わが国のHIV陽性者は厚生労働省のエイズ動向委員会に報告されているだけでも1万人を大きく超えています。自分のHIV感染に気づいていない人も含めれば、推定ですでに3万人から5万人に達しているのではないかと考えられています。その多くが働き盛りの年齢層の人たちです。
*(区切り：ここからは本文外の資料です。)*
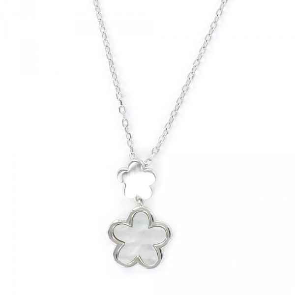 Colgante De Plata Rodiada Con Cadena Forzada Flor Lisa De 7 Mm Y Nacar De 14 Mm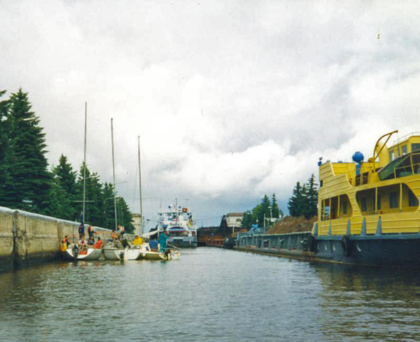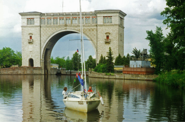 Отвальной решили в яхт-клубе не делать и ушли к вечеру по-тихому, чтобы засветло дойти до первого шлюза (№6) в Канале им. Москвы и там заночевать до утра. Идти надо было под моторами часа три-четыре. Подвесные моторы довольно шумная штука. Идти до Онеги нам предстояло, в основном, по фарватерам, а значит на моторах, и надо было привыкать. Переночевали у берега, уткнувшись носом в траву. Рано утром, только рассвело, побежали на Шлюз к диспетчеру показывать документы – тогда были такие правила, и капитаны маломерных судов должны были предстать с документами перед очи диспетчера шлюза. Нас записали в очередь. И мы стали ждать, когда последнее заходящее судно в шлюз позовет и нас криком матроса с борта: «Эй, на яхтах, заходите после нас!» Но мы, имея радиостанции речного диапазона, что тогда было большой редкостью, и сами слышали, что говорит диспетчер шлюза.

HIVに感染した人がすでに一緒に働いているという現実は、多くの企業で、まだはっきりとは見えていないにしても、厳然として存在しています。実際にHIV陽性者の話を聞き、何が必要なのか、職場のHIV/エイズ対策はどうすれば有効に機能するのかといったことを議論していかなければ、啓発の素材もこうした現実を反映したものにはなりません。
 その意味で『働くHIVポジティブ 職場とHIV/エイズ』の制作は、職場のエイズ対策を考えるうえで画期的な出来事でした。JaNP+代表の長谷川博史さんはAIDS&Society研究会議のフォーラムで、パンフレットのコンセプトはリアリティであるとして、「知識では行動は起きない」「リアリティを持つことが予防、啓発、支援のいずれにも必要」などと指摘しています。
 
 国際協働フォーラムはさらに、2005年7月に開かれた第7回アジア・太平洋地域エイズ国際会議(神戸)のコミュニティフォーラムにも参加するなど今後の職場における啓発活動のための基礎作りを進めてきました。緩やかに進行する危機に対応するには、見えない現実を見ようとする想像力が必要です。パンフレットがそうした想像力を養うツールとして普及し、HIV陽性者が自らの感染を明らかにした方が働きやすい環境が職場に整ってくれば、そのときこそ、わが国で本当に「他人ごとではないエイズ対策」が実現することになるはずです。